Between the latest beta tests and banners promising good things to come, the news certainly is being heralded on social media. Anticipation is fun, yes, but the end results will fully tell the tale. Yet, looking back over the last nine and a half years since buying my first DNA test kit, the ease with which I can determine where to place each cousin in my tree has greatly increased. I'm in awe over how much I've learned about family connections through this tool of genetic genealogy.

At this point, I've completely connected each of the eight ThruLines matches for this Tully line—the largest DNA test-taking set of all the descendants of Dennis Tully's supposed parents, Denis and Margaret Flannery Tully. Within the remainder of the DNA matches at, I've also spotted three or four additional candidates for this line and placed two of them in the tree, as well. Next task will be to move on to the other DNA companies where my family has tested, to spot matches descending from this same Dennis in those companies' matches, as well. And matches who may not show up in my husband's test might be part of the test results for either of my two sisters-in-law.
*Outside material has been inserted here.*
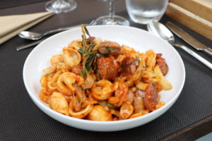 Schließlich lockte das Service- und Küchenteam der HOGALOUNGE mit allerlei kulinarischen Freuden: Als Hauptgang gab es u.a. leckere Orecchiette mit Salsiccia in pikanter Tomaten-Fenchelsauce, 24h geschmorten Kalbstafelspitz oder den schmackhaften HOGALOUNGE-Pfifferling-Salat. Dazu wurden die Gläser gefüllt mit köstlichem Rosé alkoholfrei unserer hauseigenen Marke aus dem HOGAPAGE-Shop.

More discoveries await, I'm certain. All it takes is more work—plodding work to examine matches not yet aligned with Side View wizardry or through other tools. A tortoise approach for sure. New tools may redirect those efforts into slam-dunk answers with the new and improved hare approach, but I know I can figure out many of these puzzles with old-fashioned sheer effort, as well.

Still, I'm glad for those speedy short-cut tools. The more we can accomplish in less time, the more liberty we'll have to move on to even more amazing discoveries. In a few weeks. With the next update. In the meantime, perhaps I can make it to the finish line before the hare makes its next appearance. You know the old saying about slow and steady....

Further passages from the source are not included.